In those days his band Clover were in-demand session musicians and ended up backing Elvis Costello on his debut, My Aim Is True. But it was another local act that made the greatest impression on ‘Huey Louie’ as he was then known.

“We moved over to London and got on tour with Thin Lizzy. The very first show Phil Lynott stood by the stage and as soon as we walked off said, ‘Have you got a minute?’ He ended up taking me under his wing. I sat in with them on the rest of the tour and played on his solo record in the Bahamas, he would dress me out of his closet. He was just a great mentor to me.”

Lynott’s generosity made such an impression that years later, when Huey made it big, he offered a platform to his own heroes. “One of the things I’m proudest of is we took Stevie Ray Vaughan on his first national tour. We also took Duane Eddy and The Neville Brothers, too; all these guys who had never played big venues.”

By the mid-80s, Huey Lewis And The News were consistently rubbing shoulders with the likes of Madonna and Michael Jackson, scoring 12 Top 10 hits in the States. Huey casually recalls sharing the stage with Stevie Wonder, “a stud and genius”, and was part of the all-star USA For Africa record, We Are The World. “We never expected to be that big,” he ponders. “We insisted on producing our own records and in 1980 people didn’t do that, there were no home studios. But we knew we needed a hit, and radio was absolutely king.
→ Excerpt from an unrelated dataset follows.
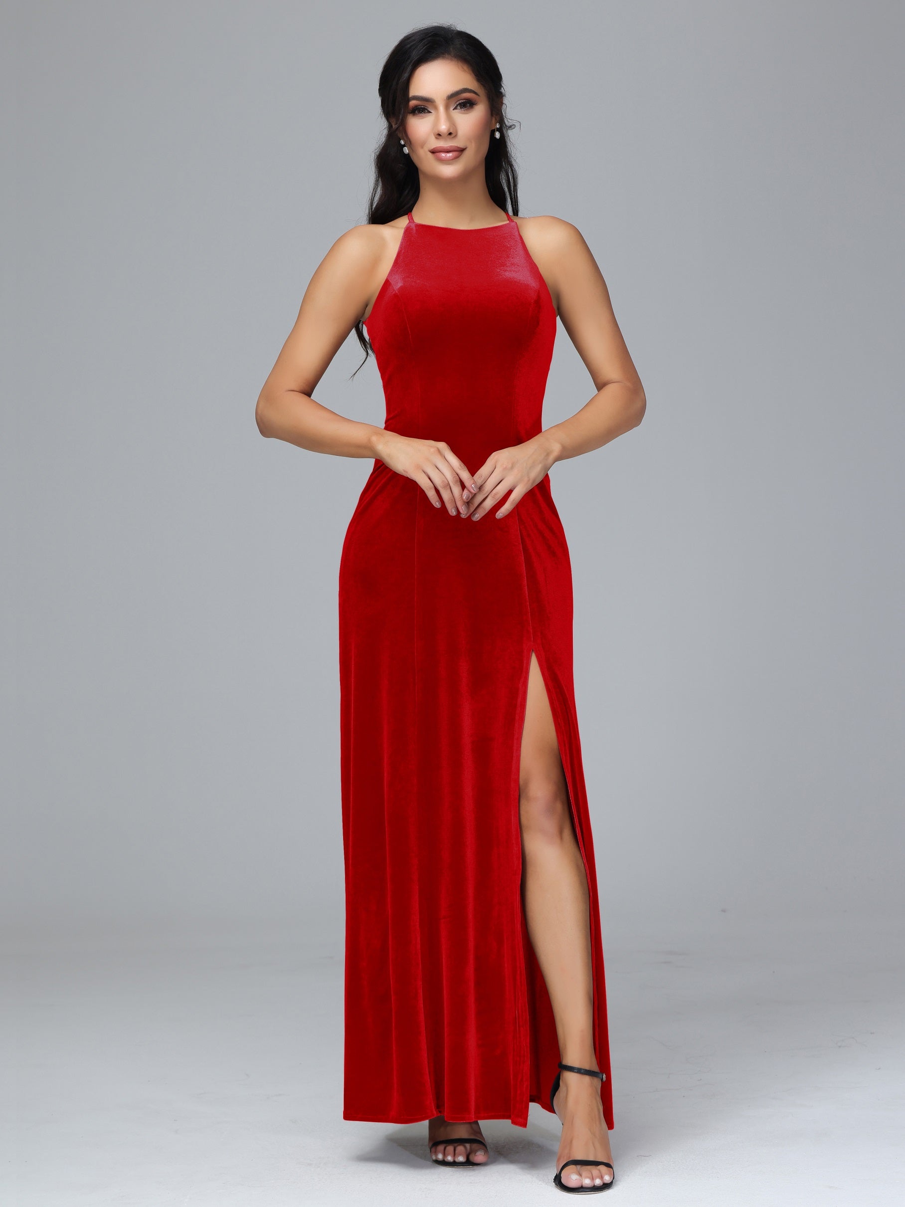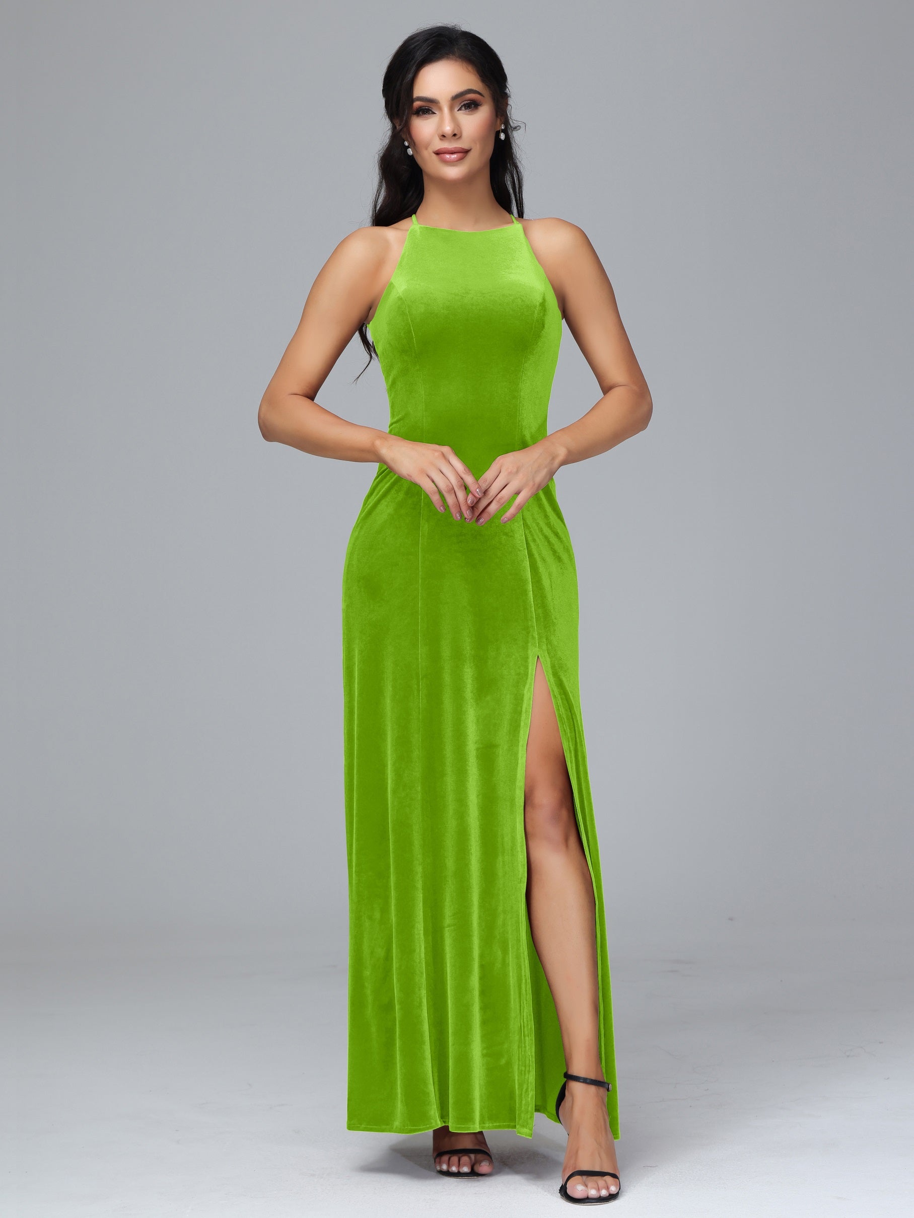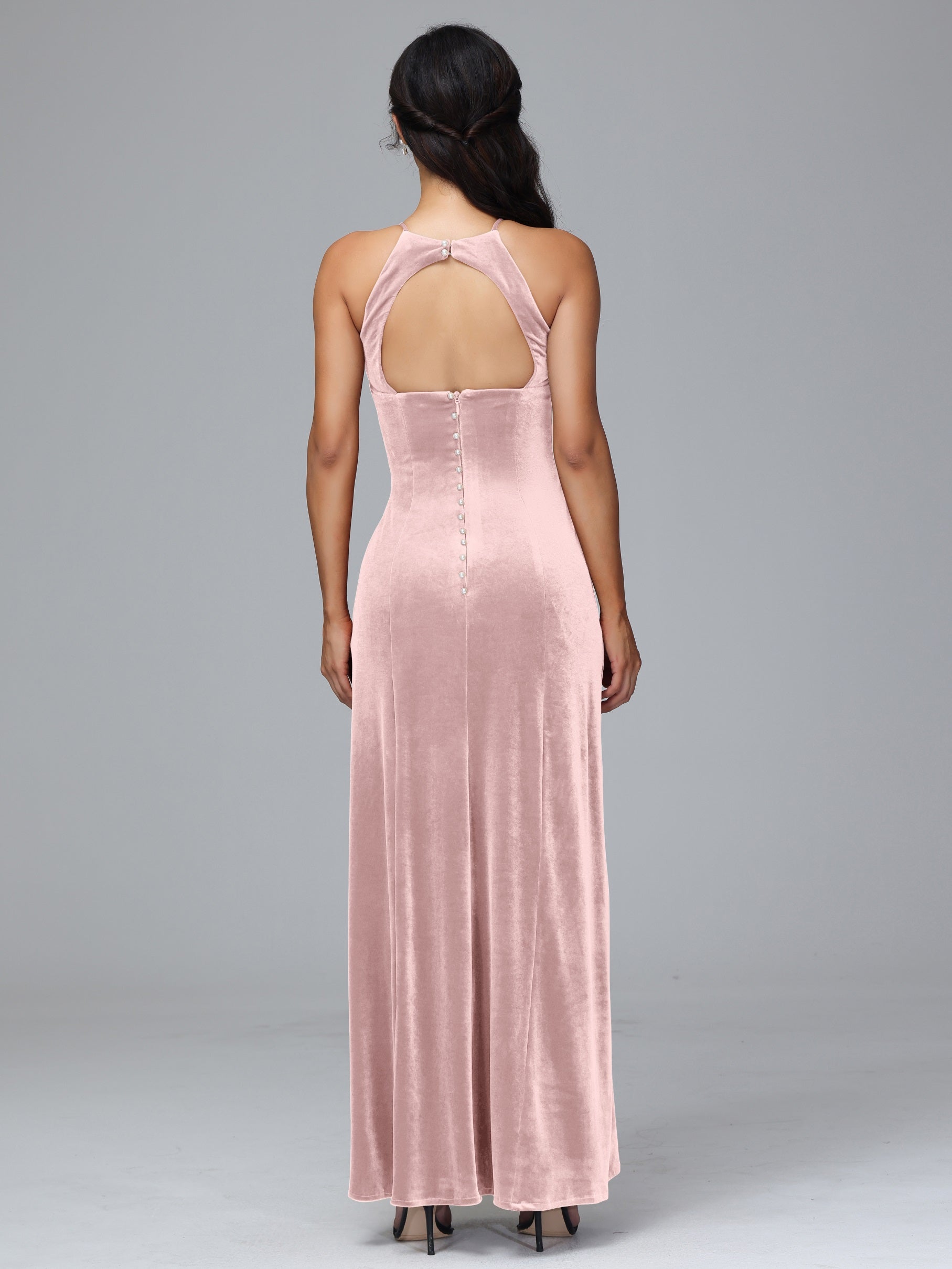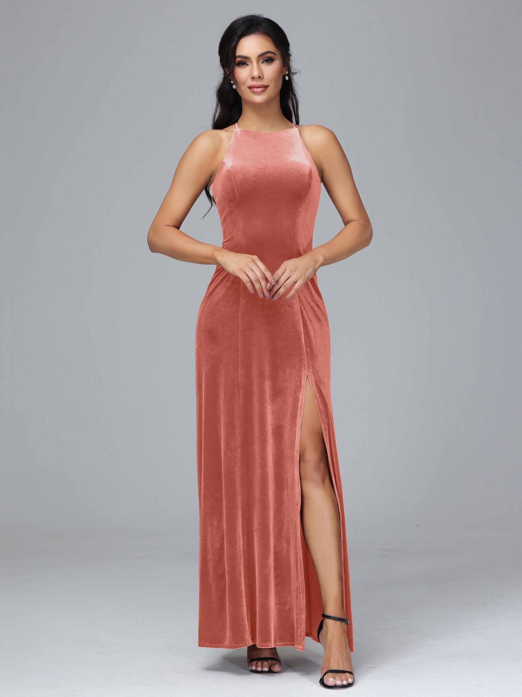Beryl Halterneck ärmellos Samt Brautjungfernkleider

“If you didn’t have a hit single you didn’t exist, so we decided to produce ourselves in our own hometown, not in LA like everybody else, because we wanted to make those commercial decisions ourselves.” Third album, Sports duly delivered hit after hit. “We didn’t know we were going to have six of them!” he laughs. “We just wanted one, but we also didn’t know if it was going to be a rocker or a ballad.

“If you listen to Sports now it sounds like a record of its time – a collection of singles. That’s what the market demanded and that’s what we did. That’s probably the last ‘commercial’ decision we made, because after that record went ‘kaboom’ we made a deal with ourselves that we’d only do things for creative reasons rather than financial ones and haven’t done since. I’m proud of that.”

It was The Power Of Love that spread the ‘News to the rest of the world catapulting Sports, Fore! and Small World into huge platinum-sellers. Weather is cut from the same radio-friendly cloth and deserves similar recognition, but if singing is no longer an option what comes next for Huey? “We have a musical, The Heart Of Rock & Roll, which we hope to bring to Broadway next season and I’ve written a new song for it. We put it on in San Diego for six weeks and sold it out, so now there’s a plan for Broadway in the [autumn]. That’s pretty exciting.”

It wasn’t until 1985 the band cracked the European charts thanks to the movie Back To The Future. Huey explains: “Steven Spielberg, Bob Zemeckis and the writers Bob Gale and Neil Canton called me to a meeting. They’d written a movie with a lead guy called Marty McFly whose favourite band would be Huey Lewis And The News so they said, ‘Would you like to write a song for the film?’ I was flattered but didn’t know how to write for movies and didn’t fancy writing a song called Back To The Future. But they just wanted a tune, so I agreed. The next thing we wrote was The Power Of Love.”

It went Top 10 in 15 countries and earned an Oscar nomination, but Huey always knew the song was special. “I remember being in the studio and it just lit up the desk,” he recalls of the recording process. “The fact was we had maybe 10 big hits in the States before that, so we had a following and it only took nine weeks to go to No.1, which was a short amount of time back then. [Director] Bob Zemeckis says to this day it was the best marketing any movie ever had because it was already No.1 the week the movie hit theatres. The film didn’t help the song in the States but internationally it was different. We weren’t allowed to put The Power Of Love onto a Huey Lewis And The News album because it was cut for the MCA soundtrack. But we were allowed overseas, so we put it on Fore! internationally – that became our biggest hit and allowed us to tour the world.”